Material provided
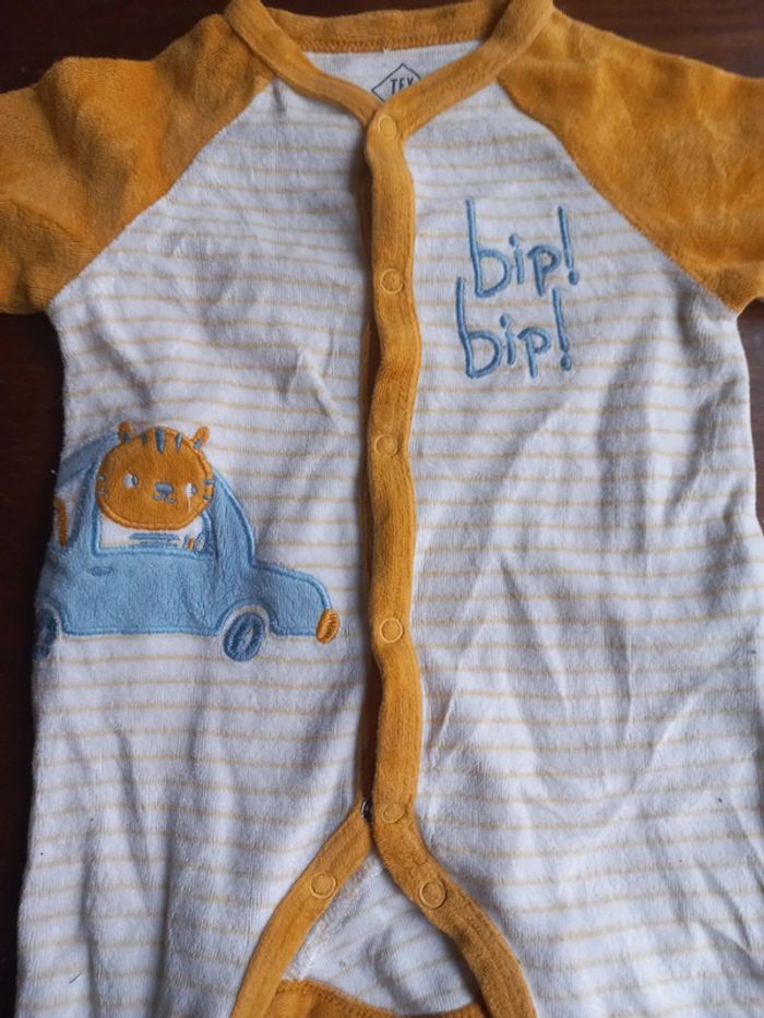 Pyjama en velour blanc et jaune, ouverture par pression sur le devant Tex 3mois Lot possible :-5% à partir 3 articles -15%pour 5 articles alors N'hésitez pas a consulter les autres articles en 3mois en cliquant ici : #fanny61119_garcon_3mois #3mois #3moisgarcon #pyjama #pyjamabébé #pyjama3mois #grenouillère #grenouillere3mois #tex #texbaby
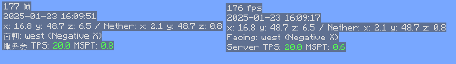 Minihud 显示的文本可以被翻译,效果如下
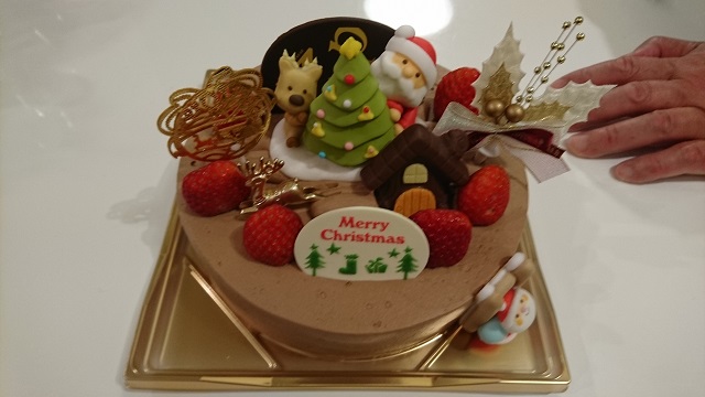 総勢10名。5才~もうじき1才までのチビ達4人、いや スゴイの何のって、食べ物やオモチャを争っての泣き、数知れずでした。写真は、今年のクリスマスケーキ。とても美味しかったです。娘達が小さかった頃、クリスマスの夜、小山が都心で買ってきてくれるケーキを皆で待ちわびた思い出があります。懐かしいなあ。さて、右上に手が置かれていますが、この別テーブルに置かれたケーキを 4人の外敵から守っている、小山の手です。無造作に置かれているようですが、少し膨らんだ指先に何故か緊張感が伝わってきます。小山ジージ、大事なお役目、ご苦労様でした。

Brief
Retype the whole of the data verbatim. Skip every picture.

Your response
 Pyjama en velour blanc et jaune, ouverture par pression sur le devant Tex 3mois Lot possible :-5% à partir 3 articles -15%pour 5 articles alors N'hésitez pas a consulter les autres articles en 3mois en cliquant ici : #fanny61119_garcon_3mois #3mois #3moisgarcon #pyjama #pyjamabébé #pyjama3mois #grenouillère #grenouillere3mois #tex #texbaby
 Minihud 显示的文本可以被翻译,效果如下
 総勢10名。5才~もうじき1才までのチビ達4人、いや スゴイの何のって、食べ物やオモチャを争っての泣き、数知れずでした。写真は、今年のクリスマスケーキ。とても美味しかったです。娘達が小さかった頃、クリスマスの夜、小山が都心で買ってきてくれるケーキを皆で待ちわびた思い出があります。懐かしいなあ。さて、右上に手が置かれていますが、この別テーブルに置かれたケーキを 4人の外敵から守っている、小山の手です。無造作に置かれているようですが、少し膨らんだ指先に何故か緊張感が伝わってきます。小山ジージ、大事なお役目、ご苦労様でした。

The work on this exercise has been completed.